Tuesday, March 27, 2007

Great Potential for Property Related Profit in Malaysia

Great Potential for Property Related Profit in Malaysia


Well, we’re not the only ones hot on Malaysian property at the moment it seems – Deutsche Bank are right there with us and their chief Asian strategist in Hong Kong Mark Jolley recently went as far as saying that he ‘likes pretty much anything that’s a property play in Malaysia’ at the moment.

In this article we explain exactly why there is great potential for property related profit in Malaysia at the moment and what the longer term prospects are for the market.


Malaysia offers a far lower cost entry point into the regional market compared to other favourites such as Hong Kong and Singapore and this point alone means that it immediately stands out and demands closer inspection.

Upon closer inspection buyers and investors will realise that recently the Malaysian government have made good on their promise to promote foreign direct investment enhancement in the real estate sector by making it far easier and more attractive for foreign buyers to purchase property in Malaysia.

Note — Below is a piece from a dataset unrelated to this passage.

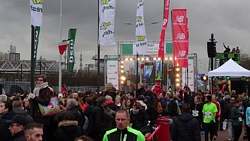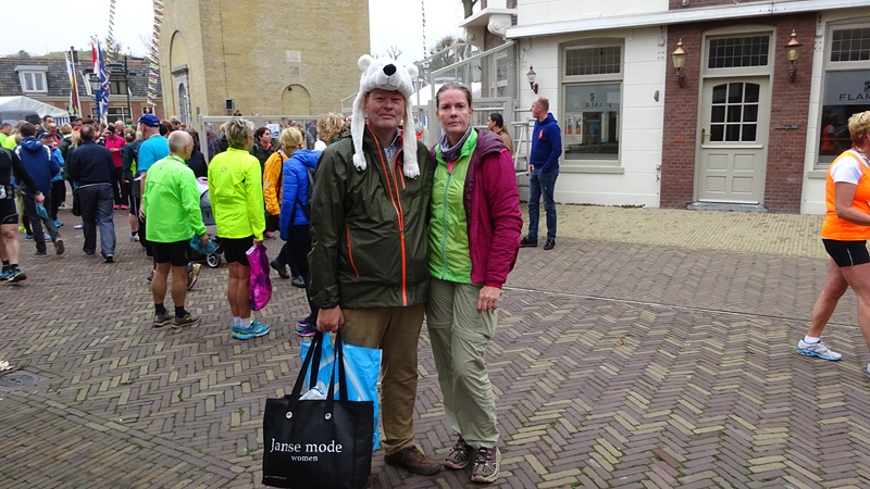 Het is echt ongelooflijk maar ik heb dus nu al bijna 3 weken niet gelopen en vandaag is het zo ver. De marathon! Inmiddels hebben we ons kapot gewerkt om het huis klaar te krijgen maar het is gelukt. De eerste gasten zijn gisteren gekomen. Dat voelt natuurlijk ook heel gek want het is allemaal nieuw voor ons. We hebben 2 nachten doorgehaald bijna om alles rond te krijgen en donderdag heeft Chris (die de badkamer installeerde) enorm veel klussen in no time gedaan waar wij nog een week voor nodig gehad zouden hebben denk ik. Wat een raar idee maar er draait dus echt een vakantiehuis waar heuse gasten in zitten. Bizar! Maar dan is het nu opeens tijd om een marathon te lopen. Nou ja een stukje dan. Ik hoop dat ik 10 km mee kan rennen dat lijkt me wel genoeg. Gisteren zijn Chris en Richard gekomen uit de UK. We hebben rustig aan gedaan in de avond zodat ze zich kon voorbereiden. Vanmorgen start de dag dus ook met haar voorbereiding met pillen en poeders voor optimale prestatie. Ik voel me raar want ik liep al eeuwen niet(s) en heb geen enkele voorbereiding. Hoe ver zou ik komen eigenlijk? Het weer is goed. 10 graden, zonnig en geen wind. Ideaal dus op zich om te lopen zeker zonder wind want langs het water is het anders echt vreselijk. We vertrekken op tijd en gelukkig weten we waar we kunnen parkeren en ook vandaag lukt dat goed. Daarna even plassen bij het ziekenhuis en ook dat gaat prima. Ik moet nog even het startnummer voor ene Peter ophalen. Ik loop op zijn nummer en dat kostte weinig. Ik had echt geen zin om 80 euro uit te geven voor een stukje marathon.

This is expected to push up international demand for property in Malaysia, and the predicted demand increase is expected to result in a firming up and increase of real estate prices in the most popular and affluent parts of the country.

On paper at least it is now considerably simpler for an overseas buyer to purchase multiple properties and profit from them by letting them out for example. (We say ‘on paper’ because some of the legislative changes are slow to seep into the practical, every day bureaucratic system.)

The changes that have been made mean that a foreign buyer can now purchase multiple property units, each costing in excess of MYR 250,000 (1 MYR = approx 0.286 USD) without requiring permission to do so from the Foreign Investment Committee and that there are no restrictions on usage of property units – i.e., they can be rented out and an income can be derived from them for example.

This has certainly resulted in an intensification of foreign interest in the property market in Malaysia.

Note - two local issues that remain obstacles to investment commitment and which need to be addressed are the fact that real estate loan approvals take too much time to reach completion and that at state level, property transfer permissions can take up to five months to go through.

Other factors that are positively in Malaysia’s favour when an investor is looking at the appeal of a given nation before making a financial commitment to it are the facts that the nation is considered to be politically stable and socially secure; furthermore Malaysia may be ‘truly Asia’ and a location of stunning contrasts of experience and scenery but it is also a nation with Western standards and one in which international expatriates adapt and settle easily. This has always raised its appeal greatly with foreign companies looking for a regional presence by the way…

Returning to Deutsche Bank’s position on Malaysia at the moment, Mark Jolley believes that there is a boom impending and that stocks related to the property industry in Malaysia will be among the best performing assets in Asia this year.

His outlook is based in part on the pattern that interest rates are taking in Malaysia at the moment with the central bank recently keeping levels at 3.5% for a sixth consecutive update. This confirms that inflation has eased sufficiently to allow for more borrowing activity and in fact, the government is potentially at the point where they will be actively seeking an increase in domestic activity.

Finally – while we’re hot on property in Malaysia it’s not really a market for a quick turn around for profitability purposes – i.e., anyone contemplating Malaysia should see it as a medium to long term bet in our humble opinion.